The physical world is the most linear of all reality. It is the slowest to change without brute force. And yet the change is constant and consistent. You would not know the world is spinning at 795 miles per hour here in Lexington, Kentucky. Did you know the Earth spins at the equator at 1,040 miles per hour and at exactly 0 miles per hour at the North and South Pole! I wonder if a person can feel the difference between the world spinning and not spinning. I doubt it. We are so small we can barely notice anything. And yet it is all happening all the the time. Like the movie title of that film that won best picture at the Oscars in 2023; Everything Everywhere All At Once.
So my stomach spins when I lose my faith and acknowledge that all of my core beliefs are in fact fictional. I hurl from the awareness and the blood vessel in the corner of my left eye can’t take the pressure and decides to explode and I am not even aware!
I get so upset at madness. I disdain the madness in me and in others. I want order. I want predictability and understanding. This is the way of fascism. My body is an aspiring fascist. And yet the madness of my mind saves me once again from the tyranny of the lust of such comfort in predicable familiarity. So I indulge my madness and play with the absurdity of all things all the time. Yes I do trust in science and use it to spring myself into the air of the inevitable as I pretend I can fly while I am simply laying in this bed across the hall from my widowed aging mother and down the hall from the spot where my father died. I am in transition. I am in between. I am so old that I am actually growing younger. I have passed the point of peak sanity and now get to return to the delights of the playful imagination. I get to indulge my madness because I am both old enough and young enough to accept the absurdity of this existence.

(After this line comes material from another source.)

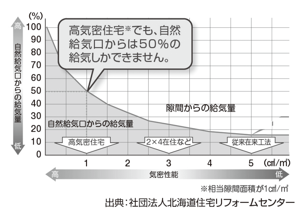 これは給気口以外の「家の隙間」から勝手に空気が入ってきているのです。

I yawn and a single tear slides down my cheek. My stomach feels off still and I wonder if I will be able to sleep tonight.

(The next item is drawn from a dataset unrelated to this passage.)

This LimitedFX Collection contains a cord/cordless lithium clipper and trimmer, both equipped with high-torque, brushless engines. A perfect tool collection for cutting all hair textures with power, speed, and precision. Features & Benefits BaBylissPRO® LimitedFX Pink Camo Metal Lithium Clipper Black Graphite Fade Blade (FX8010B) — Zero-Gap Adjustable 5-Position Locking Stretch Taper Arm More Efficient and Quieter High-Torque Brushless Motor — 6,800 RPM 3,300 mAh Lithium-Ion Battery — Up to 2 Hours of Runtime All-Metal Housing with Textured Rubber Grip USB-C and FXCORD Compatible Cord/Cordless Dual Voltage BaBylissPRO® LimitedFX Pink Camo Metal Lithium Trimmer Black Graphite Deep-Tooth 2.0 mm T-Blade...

Tomorrow is another day of facing how much things have changed and stayed the same all at the same time. My daughter and I will visit family members I have known my entire life and she will ask them about their experience as an Arab American and what it was like to grow up and be a part of the Dawahare family. I will be with her to facilitate the meetings and to observe. I will pay attention to myself, to her and to them. And hopefully if I am lucky I will catch a glimpse of who I was, who I am and who I am becoming.



I often feel that madness is sanity and visa versa. I too am so old that I am young. We spin.